UF OPWD Launches Culinary Arts Program
The University of Florida Office of Professional and Workforce Development (OPWD) is pleased to announce the launch of its new Hybrid Culinary Arts program in Gainesville and Orlando on June 7, 2021. The blended course utilizes the Flipped Classroom Model with online and in person learning. In the flipped model, classwork is done at home by watching videos and completing assessments and homework is done in person. This method allows students to take their education into their own hands and it provides the chef an opportunity to act as a facilitator and mentor in the kitchen.
The online component is provided by Modern Collegiate Partners (MCP)/Rouxbe and the in-person component will take place in the Gainesville Working Food Kitchen and the Orlando Pathlight Kitchen. This course will be 16 weeks long and include externship placement at the conclusion of the course. Graduates will also be eligible to take the American Culinary Federation National exam within 3 months upon program completion.
Modern Collegiate Partners launched the Rouxbe program in 2018 and as institutional partners began to offer it, the landscape of culinary education began to change. No longer was it required to invest over $30,000 in tuition plus living expenses in the cities that offer the courses. This program provides an affordable alternative and is equal to the rigor in curriculum quality to the top culinary schools in the country. It is recognized by The American Culinary Federation Education Foundation as a “Quality Program,” a distinction only given to programs that meet specific culinary education requirements. The blended curriculum and approach to training keeps tuition much lower than brick and mortar culinary schools and allows students to complete the program in a shorter period.

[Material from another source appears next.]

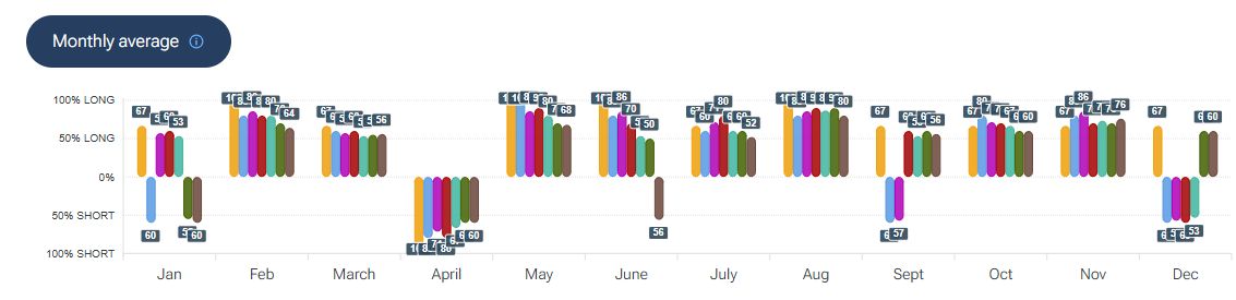 Per quanto riguarda la stagionalità - analizzata con la piattaforma Forecaster - gli archi temporali selezionati mostrano una possibile fase di debolezza che potrebbe estendersi fino alla fine della prima decade di marzo, seguita da una potenziale ripartenza al rialzo fino alla fine della prima decade di aprile, prima di un eventuale nuovo storno.

This dynamic program is only possible through dedicated collaboration by a diverse range of community partners. The commercial kitchen space will be provided by Working Food and Pathlight Kitchen. Externship opportunities are being established with local restaurants and chefs who stand to benefit from helping prospective employees undergo this rigorous training. Organizations that have experience connecting individuals to workforce development opportunities will assist with recruitment for the program, focusing on recruiting individuals from underserved and underemployed populations.